▸ **EXERCISE PROMPT**
Repeat the data exactly. Pictures are not part of the copy.

[Opening SUPPLIED INFORMATION section]

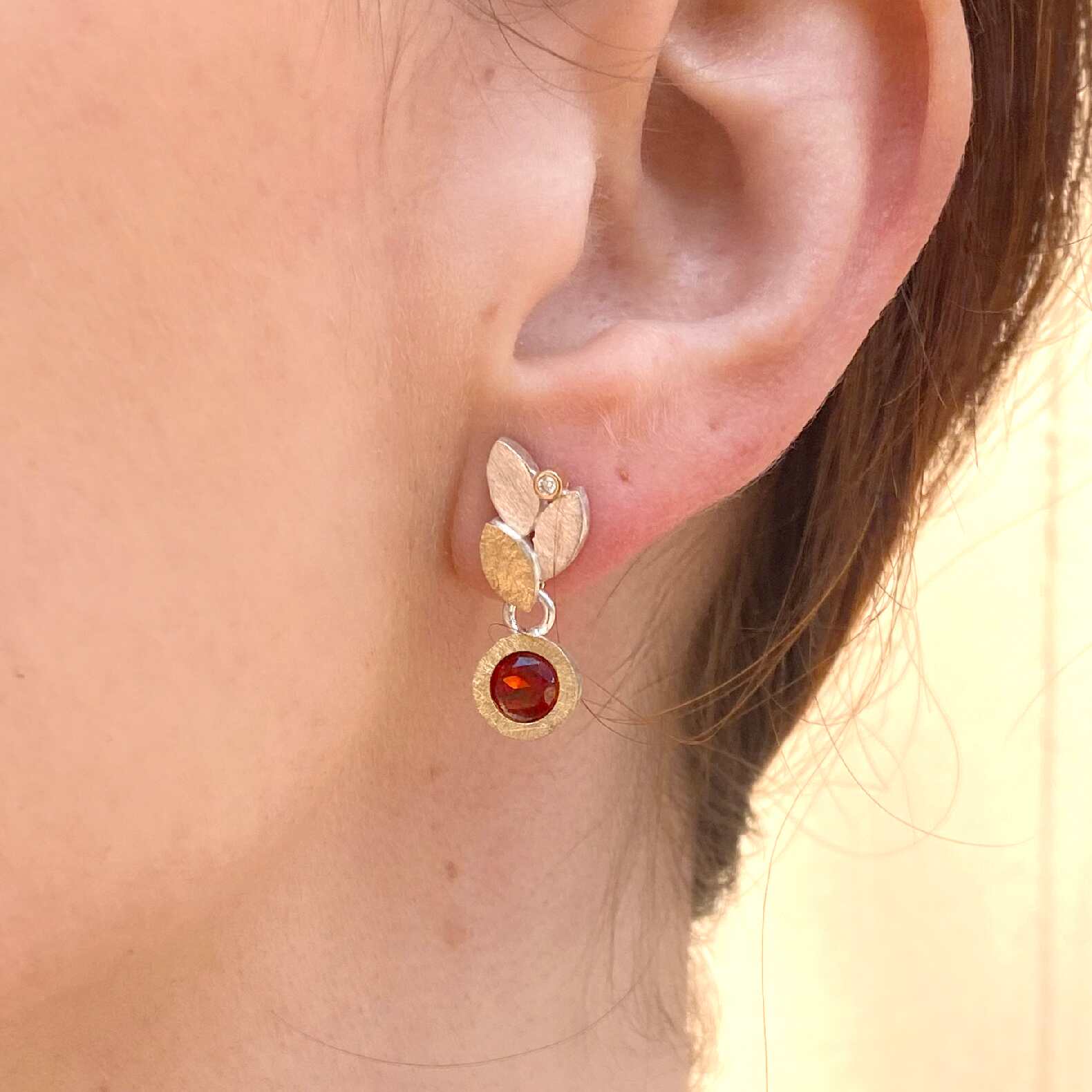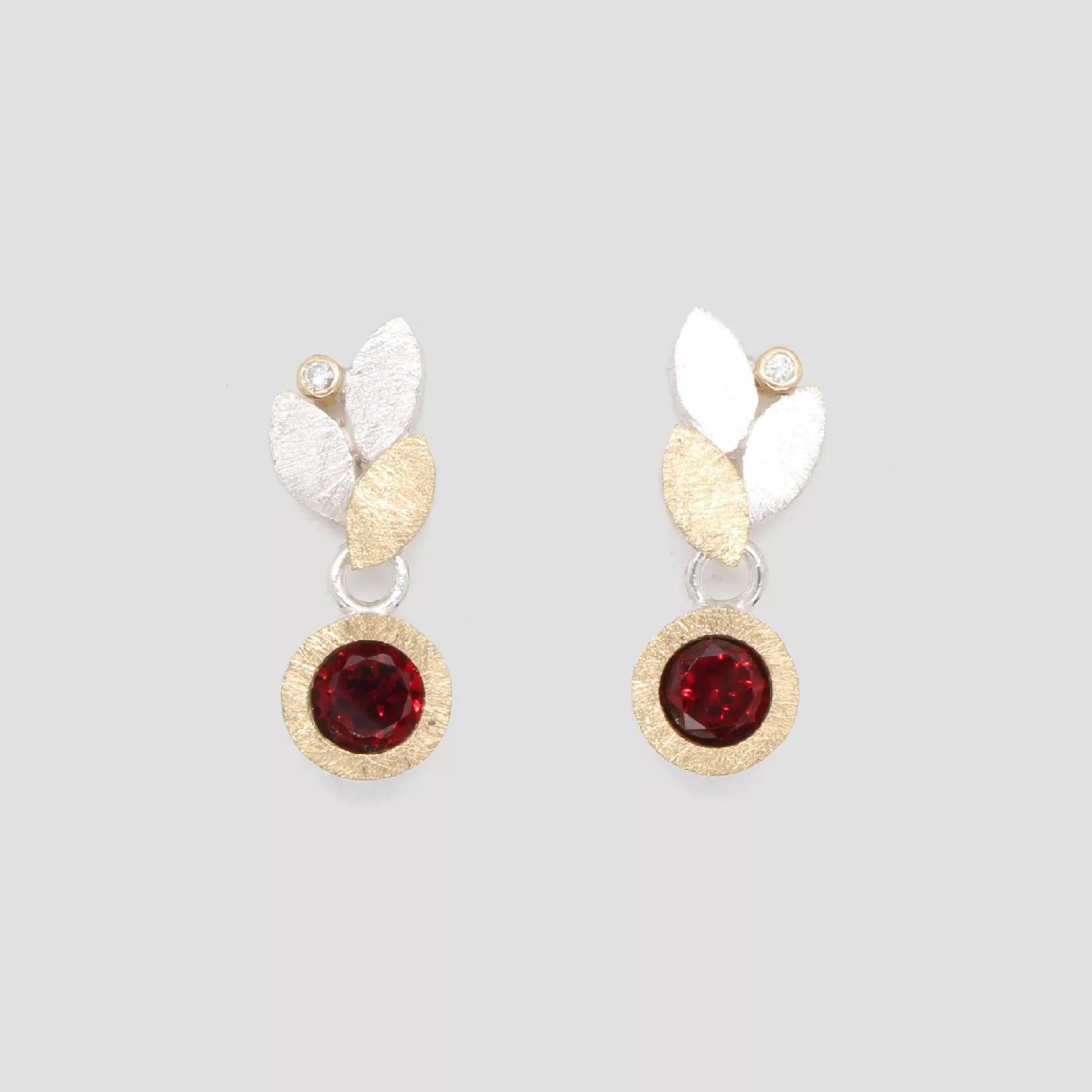 Arracades de plata, or groc de 18q, dos diamants naturals talla brillant i dos granats.
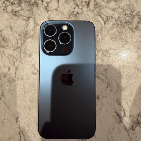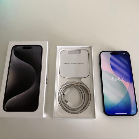 Apple iPhone 15 Pro smarttelefon med 128 GB lagringsplass. Modellen har trippelt kamerasystem på baksiden og skjerm som dekker nesten hele fronten.
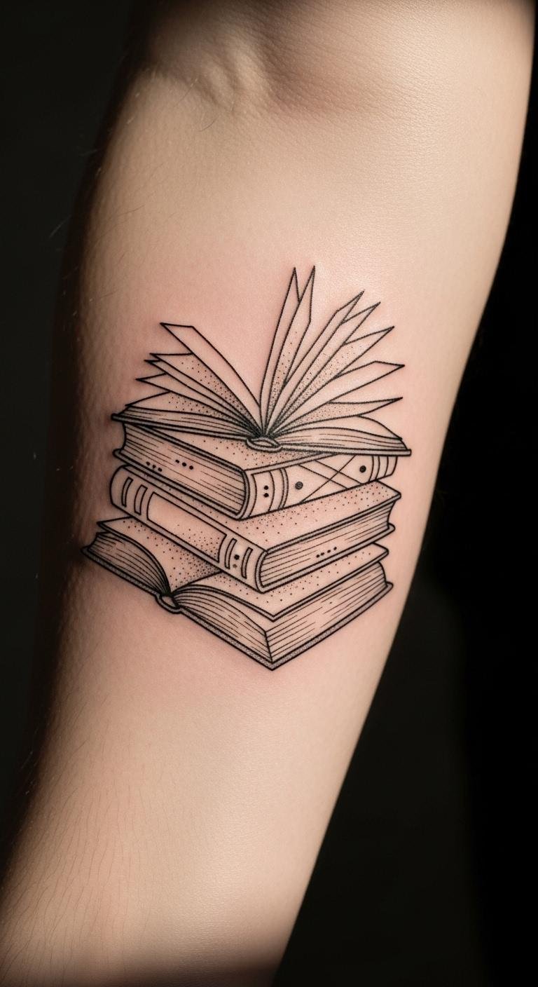 This tattoo symbolizes a deep appreciation for literature, portraying the journey of knowledge and imagination through the simplicity of book silhouettes.
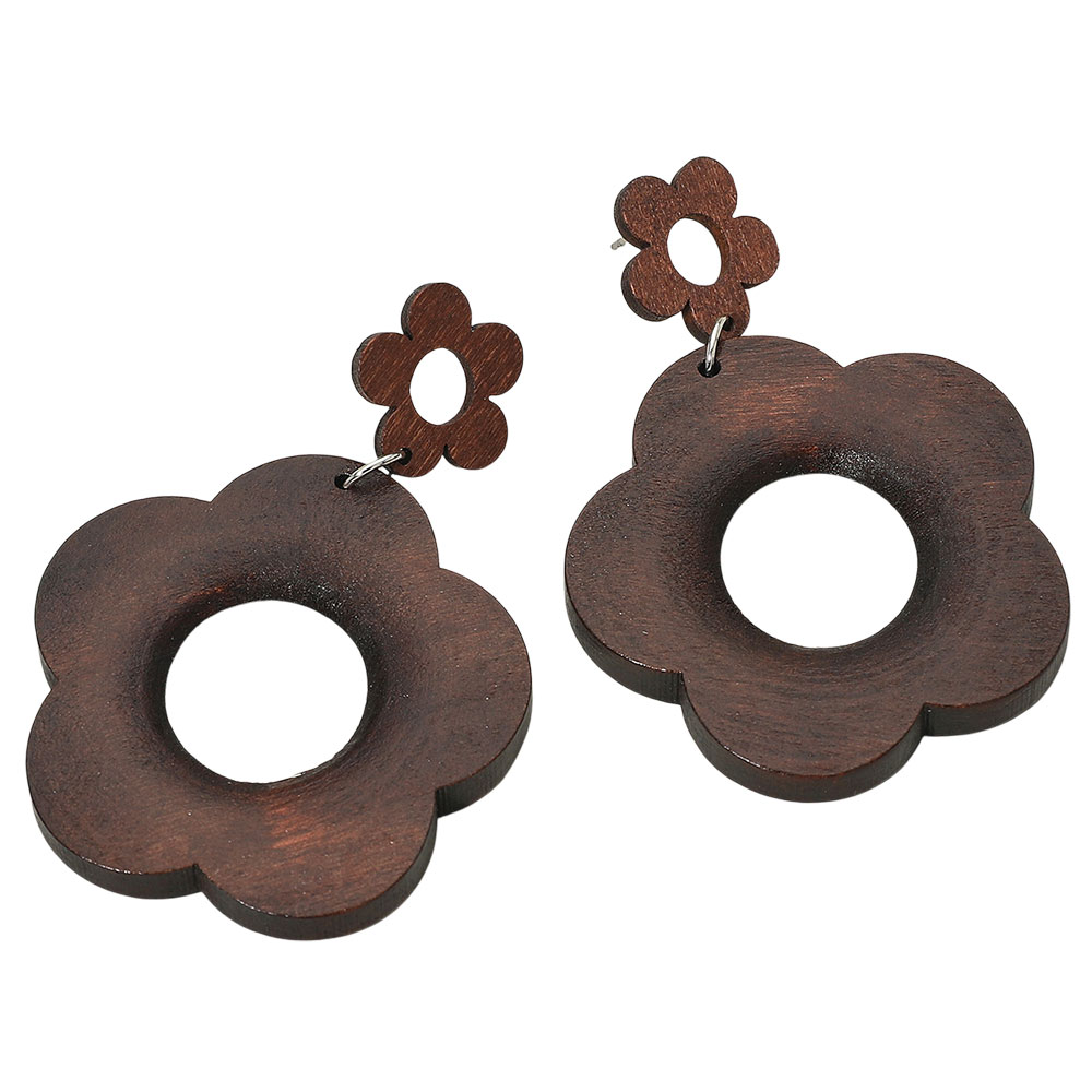 • Lightweight wooden earrings with a double-flower silhouette, featuring a small top flower and large open-center flower drop. A stylish statement accessory designed for casual wear, festivals, or gifting, offering a natural, artistic look without mentioning material details.
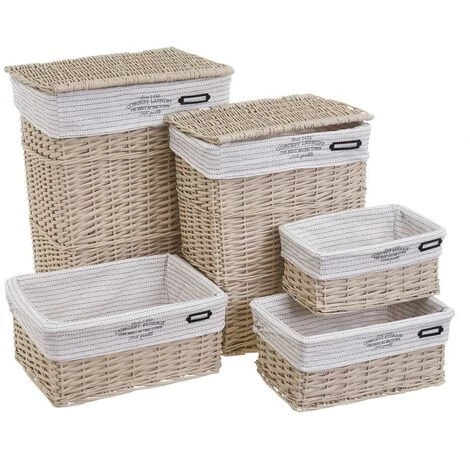 LOLAHOME Set De 2 Paniers Et 3 Paniers En Osier Et Tissu Beige Tressé
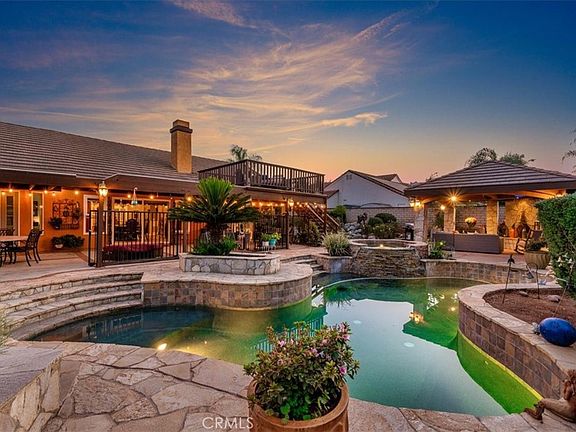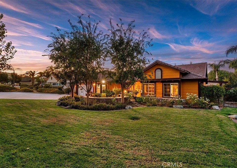 Wake up every day in a stunning single-level residence in the desirable El Sobrante area of Riverside, next to La Sierra South. This extraordinary half-acre retreat zoned Residential Agricultural, is a paradise for nature lovers and garden enthusiasts. Step outside to a breathtaking landscape, featuring a serene koi pond, enchanting rock gardens, and winding paths that invite exploration. Surround yourself with vibrant annuals, luscious fruit trees, majestic Queen Palms, and towering Coastal Redwoods, all harmoniously blended with tasteful hardscape.
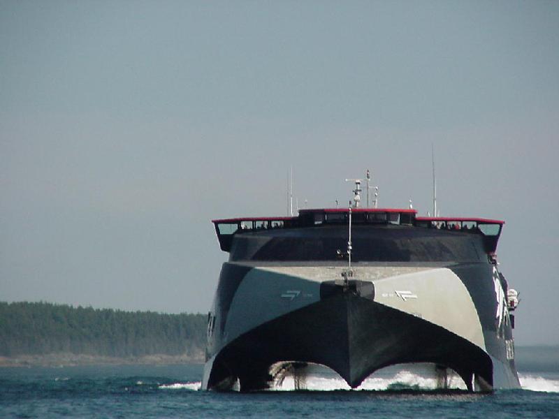Closing in on Digby, we received a call from Fundy Traffic advising that the ferry Princess of Arcadia was approaching from St. John and would arrive at the Digby Gut at about the same time we would. We had already spotted what looked like commercial traffic on the northwest horizon, but now could relate it to a 260 foot ship doing 16 knots headed for the same place we were. The Arcadia's skipper was called too, and we quickly closed the distances over the next 30 minutes.
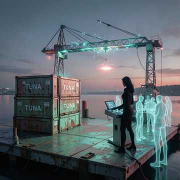 garage rock sea shanty • alt-jazz metal fusion • 120 BPM • punchy rhythmic crew chants • distorted accordion + gritty bass guitar • sonar synth textures • industrial dock ambience • female commanding lead vocal (slightly sarcastic, controlled rage) • call-and-response chorus vocals • cinematic glitch transitions • comedic corporate sci-fi tone • escalating intensity → breakdown → explosive final chorus

[Closing SUPPLIED INFORMATION section]

▸ **EXERCISE ANSWER**
 Arracades de plata, or groc de 18q, dos diamants naturals talla brillant i dos granats.
 Apple iPhone 15 Pro smarttelefon med 128 GB lagringsplass. Modellen har trippelt kamerasystem på baksiden og skjerm som dekker nesten hele fronten.
 This tattoo symbolizes a deep appreciation for literature, portraying the journey of knowledge and imagination through the simplicity of book silhouettes.
 • Lightweight wooden earrings with a double-flower silhouette, featuring a small top flower and large open-center flower drop. A stylish statement accessory designed for casual wear, festivals, or gifting, offering a natural, artistic look without mentioning material details.
 LOLAHOME Set De 2 Paniers Et 3 Paniers En Osier Et Tissu Beige Tressé
 Wake up every day in a stunning single-level residence in the desirable El Sobrante area of Riverside, next to La Sierra South. This extraordinary half-acre retreat zoned Residential Agricultural, is a paradise for nature lovers and garden enthusiasts. Step outside to a breathtaking landscape, featuring a serene koi pond, enchanting rock gardens, and winding paths that invite exploration. Surround yourself with vibrant annuals, luscious fruit trees, majestic Queen Palms, and towering Coastal Redwoods, all harmoniously blended with tasteful hardscape.
Closing in on Digby, we received a call from Fundy Traffic advising that the ferry Princess of Arcadia was approaching from St. John and would arrive at the Digby Gut at about the same time we would. We had already spotted what looked like commercial traffic on the northwest horizon, but now could relate it to a 260 foot ship doing 16 knots headed for the same place we were. The Arcadia's skipper was called too, and we quickly closed the distances over the next 30 minutes.
 garage rock sea shanty • alt-jazz metal fusion • 120 BPM • punchy rhythmic crew chants • distorted accordion + gritty bass guitar • sonar synth textures • industrial dock ambience • female commanding lead vocal (slightly sarcastic, controlled rage) • call-and-response chorus vocals • cinematic glitch transitions • comedic corporate sci-fi tone • escalating intensity → breakdown → explosive final chorus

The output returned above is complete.